In some ways, Besmaya’s future has already been determined. As an accessible swathe of land on the edge of Baghdad’s low rise concrete sprawl, it’s seemingly only a matter of time before it is absorbed into the city. Developers have completed part of a long-planned, much-delayed satellite settlement there – which, in a sign of sectarianism’s diminished potency, has secured plenty of Sunni buyers. If government dreamers have their way, the Besmaya area may even host a new capital city one day.

But even as it urbanizes, this area – and other parts of peri urban Baghdad – will likely remain a powerful bellwether for the health and wealth of rural Iraq for some time to come. The more unviable agriculture becomes here, the more inclined villagers will be to migrate, despite a keener awareness of the challenges that await them than some of their earlier kin possessed.

Over the past year, Besmaya residents say that migrants have traveled north in unprecedented numbers, propelled, it seems, by the pandemic’s economic fallout and intensifying climate stresses. Iraq is, by most metrics, one of the most vulnerable countries to climate change. This is particularly true of its south, which has high pre-existing temperatures, a very agrarian rural economy, and a near-total dependence on the two great rivers for its water needs.

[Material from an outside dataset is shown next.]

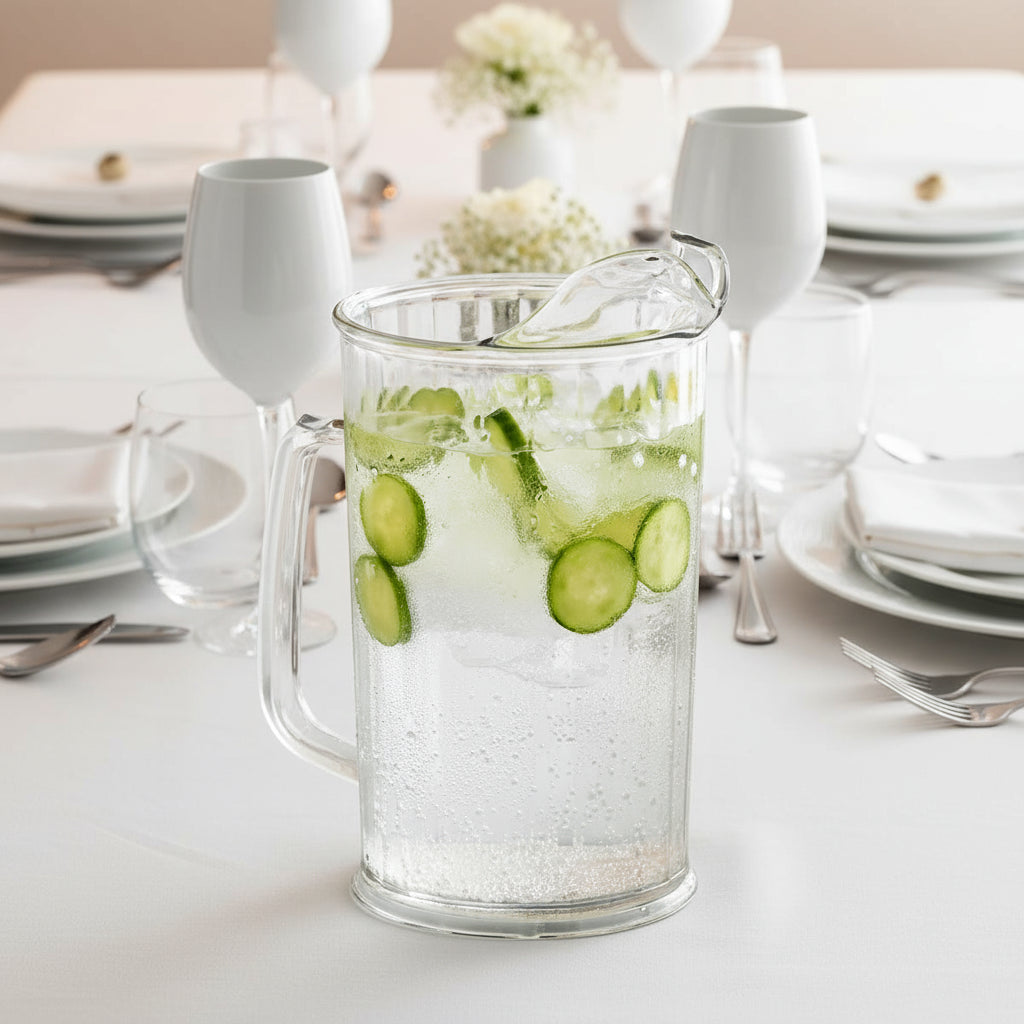 Description: Camwear® Pitcher, 60 oz., 7-1/4" dia. x 9"H, chip & break resistant, thumb-grip pour, contoured lip & pour spout, dishwasher safe, slotted base, polycarbonate, clear, NSF, Made in USA

Similarly, the more the Iraqi state struggles to provide elementary services, which are already significantly more limited in rural areas, the more that its citizens will gravitate toward cities. Despite officials’ declared desire to diversify the economy away from energy, which currently provides over 90 percent of state revenues, the experience of Besmaya’s native and migrant farmers attests to the hollowness of that pledge so far. Accelerated urbanization also promises to compound governance woes, as surging urban populations continue to outstrip infrastructure and municipalities’ capacity to match their needs. Greater Baghdad, for one, has almost doubled in size since 2003.

Most importantly, perhaps, the fate of these rural communities may signal more significant challenges ahead. If the villages around places like Besmaya are left to fester with their dominant source of employment in tatters and resentment of government mushrooming, Iraq’s instability will persist and possibly intensify. Impoverished, grievance-riven villages in northern and western Iraq furnished ISIS with many of its fighters. Unless current trends are checked, Besmayans are fearful that their youth too could be drawn to wild, undirected expressions of anti-state rage.

“They’re furious. They’re desperate. And look around you,” a local police commander said. “Can you blame them?”